4. The Liberals will make sure that progressive policies are consistent with economic prosperity and fiscal discipline. Jack Layton may be a great guy, but those things aren’t really what gets him going in life. They are a proud part of the Liberal legacy. Our disagreement with the Conservatives is about ends, not just means.

5. Who is in the cabinet is a detail of interest to professional politicians. What matters is whether Canada will have progressive policies or the (add adjectives) policies of the Harper Tories. On that, we can meet the NDP halfway.

6. I wish people in Quebec wouldn’t vote for the Bloc, but they pay taxes and have a right to vote, so we need to meet them halfway too. No cabinet posts for them.

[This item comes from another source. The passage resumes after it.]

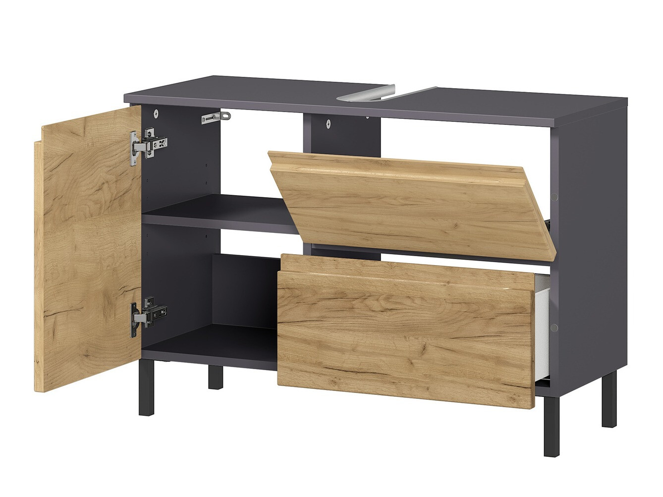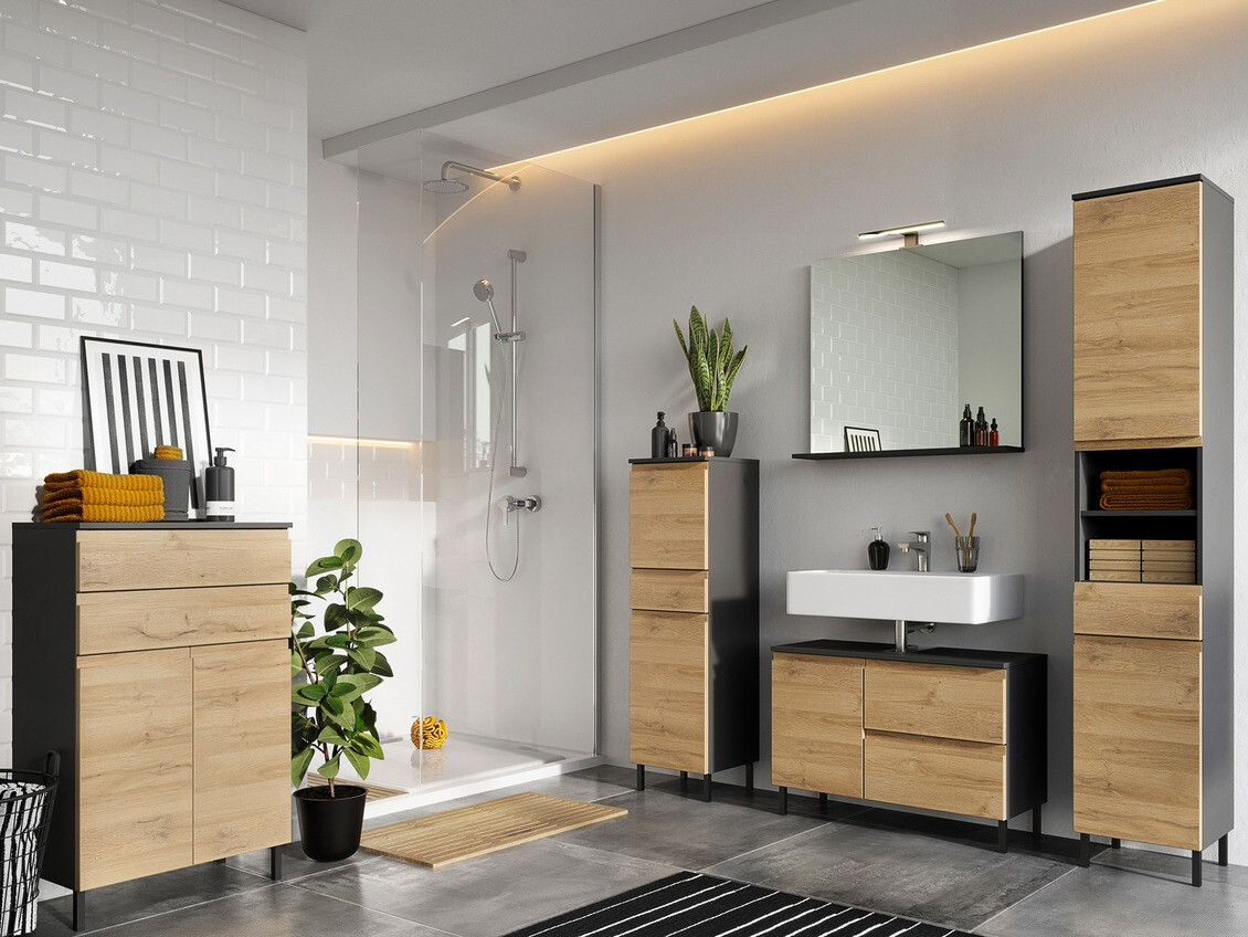 A fürdőszobabútor kollekció segítséget nyújt a modern fürdőszobabelső kialakításához. Ebben a bútorkollekcióban több szín közül választhat. A kollekció bútorai lehetnek sötétebb és világosabb színűek is. A kollekciót fém lábak egészítik ki, amelyek könnyedséget adnak a belső térnek. A kollekció összes bútora színtelen anyaggal van bevonva, amely megvédi a bútort az apró karcolásoktól. A bútorok műanyaggal bevont élei ellenállnak a mindennapi használat okozta mechanikai sérüléseknek. A fiókok és ajtók csendes záródású mechanizmussal rendelkeznek, aminek különlegessége, hogy megakadályozza a gyors záródást. A funkcionalitás és a kényelem a Németországban gyártott kollekció szerves részét képezik. A kollekcióban található bútorok állítható polcok funkcióval rendelkeznek, amelyek lehetővé teszik a tárgyak tárolásának legkényelmesebb módját. Hozzon létre egy modern fürdőszobát ezzel a bútorkollekcióval.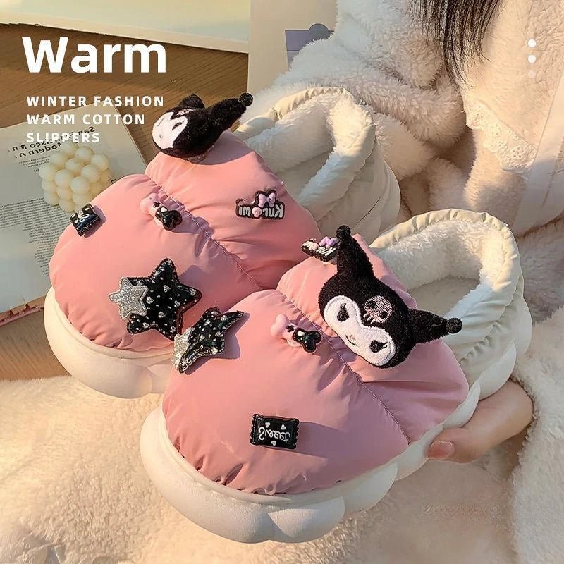 Stay cozy and stylish with our Kuromi Slippers! Made with warm cotton and plush material, these slippers are perfect for indoor and outdoor wear. The anti-slip design ensures safety while the cute Kuromi motif adds a touch of playfulness. Stay comfortable and fashionable with our slippers!

This argument wouldn’t persuade Conservative partisans, but so what? By raising the issue, he makes a Liberal-NDP alliance from second place a debatable proposition. The current approach is too nuanced. Harper is setting the terms of the debate, in which coalition is bad, and Ignatieff is responding with evasion.

One thing that is frustrating about Ignatieff is that in his former life he seemed capable of communicating complex ideas, but now he seems like a really cautious pol voicing platitudes.

The sad state of the campaign

From: Anthony Westell | April 12

I have been observing elections for half a century and I cannot recall a campaign as corrupt as this one – corrupt in the sense of the use of public money to “buy” targeted ridings and communities. The public is either unaware or indifferent, and I blame that in part on the media. I pay particular attention to the Globe and Mail which often buries election stories inside. Today is typical; the story is obviously the the Auditor General’s report, but on the front we have instead a column by Ibbitson pointing out that Harper is far more trusted than the other leaders. And why is that, I wonder?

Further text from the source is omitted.